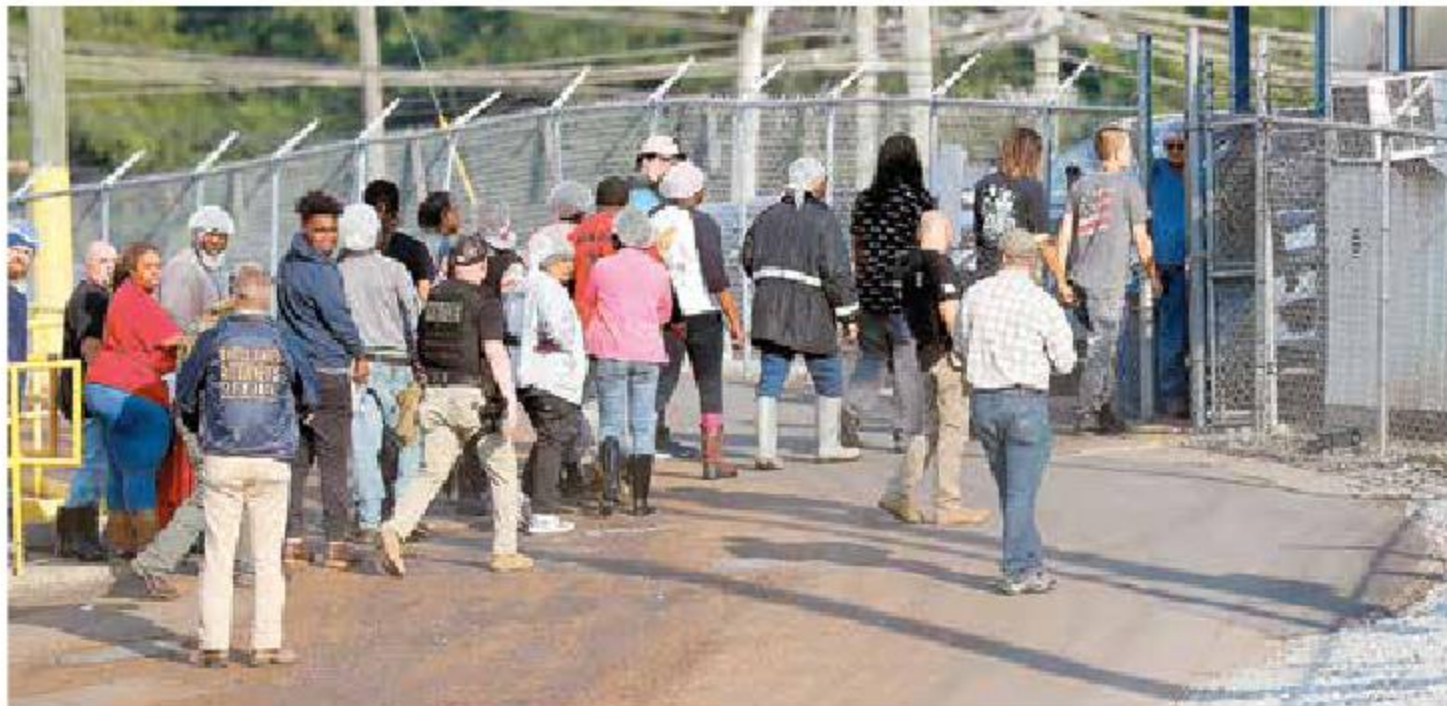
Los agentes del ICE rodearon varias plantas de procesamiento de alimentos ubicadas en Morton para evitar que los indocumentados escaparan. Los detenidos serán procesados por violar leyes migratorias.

* * *

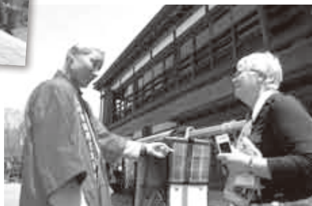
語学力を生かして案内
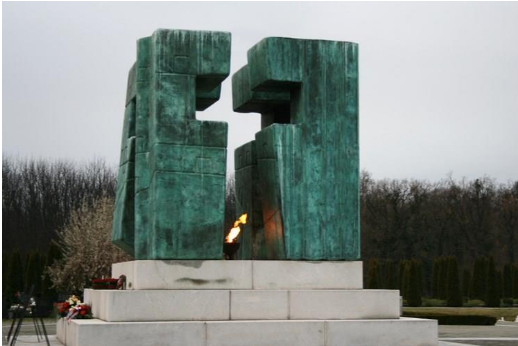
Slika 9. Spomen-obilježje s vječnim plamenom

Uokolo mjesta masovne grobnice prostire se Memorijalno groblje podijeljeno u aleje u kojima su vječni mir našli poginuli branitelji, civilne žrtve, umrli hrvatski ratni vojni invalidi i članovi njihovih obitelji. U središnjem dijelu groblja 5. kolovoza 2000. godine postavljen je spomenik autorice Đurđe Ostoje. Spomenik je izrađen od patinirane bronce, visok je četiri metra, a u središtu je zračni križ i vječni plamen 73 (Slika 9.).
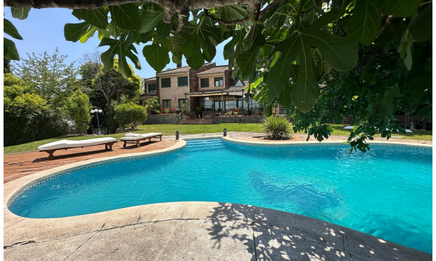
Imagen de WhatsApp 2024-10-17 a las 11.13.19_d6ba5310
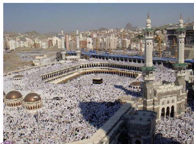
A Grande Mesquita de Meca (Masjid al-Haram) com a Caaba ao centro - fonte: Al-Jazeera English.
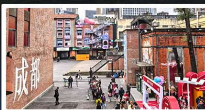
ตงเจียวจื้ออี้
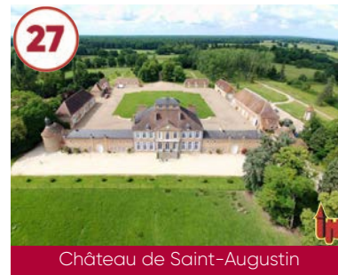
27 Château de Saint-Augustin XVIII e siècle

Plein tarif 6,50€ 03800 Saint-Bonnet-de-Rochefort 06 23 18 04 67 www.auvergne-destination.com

* * *

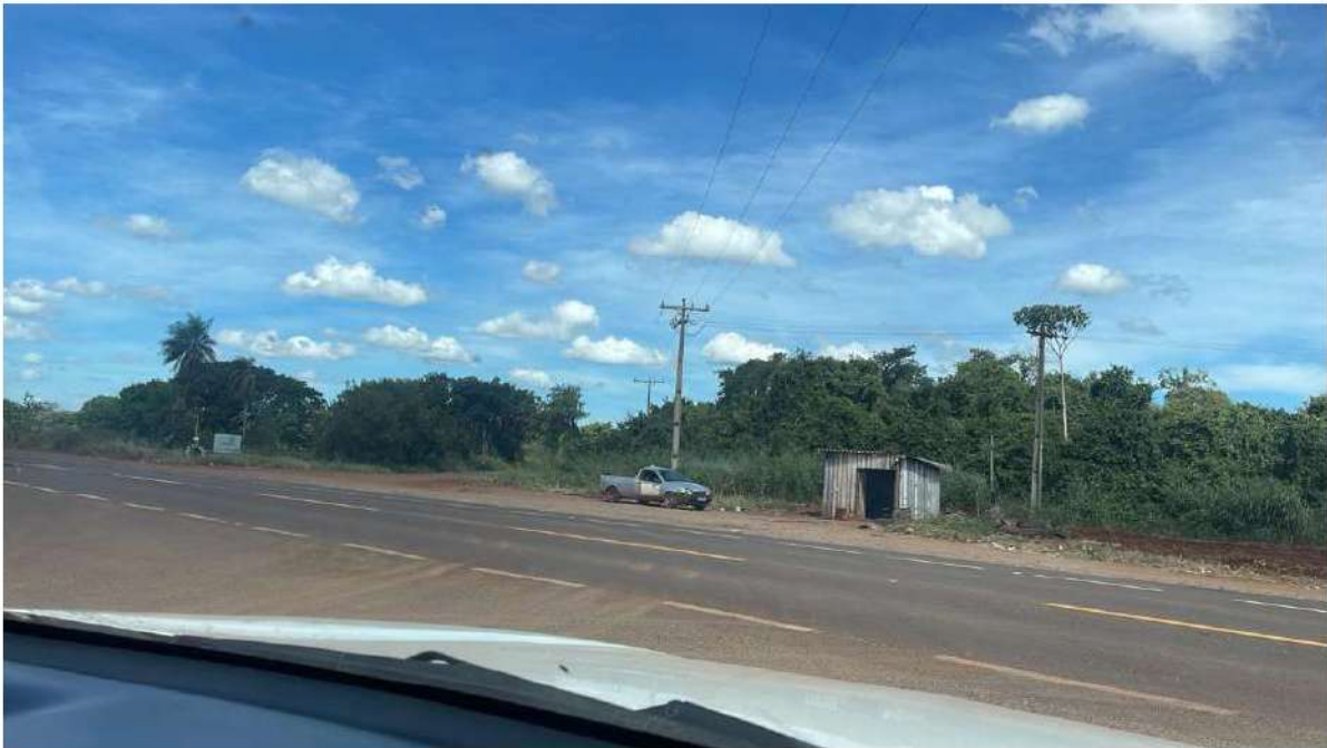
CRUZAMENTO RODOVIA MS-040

_WORK INSTRUCTIONS:_ Please output the lines of the listing above that fall in the stretch from the one with "27 Château de Saint-Augustin XVIII e siècle" through the one with "Plein tarif 6,50€", exactly and only those.

_YOUR SOLUTION:_
27 Château de Saint-Augustin XVIII e siècle

Plein tarif 6,50€ 03800 Saint-Bonnet-de-Rochefort 06 23 18 04 67 www.auvergne-destination.com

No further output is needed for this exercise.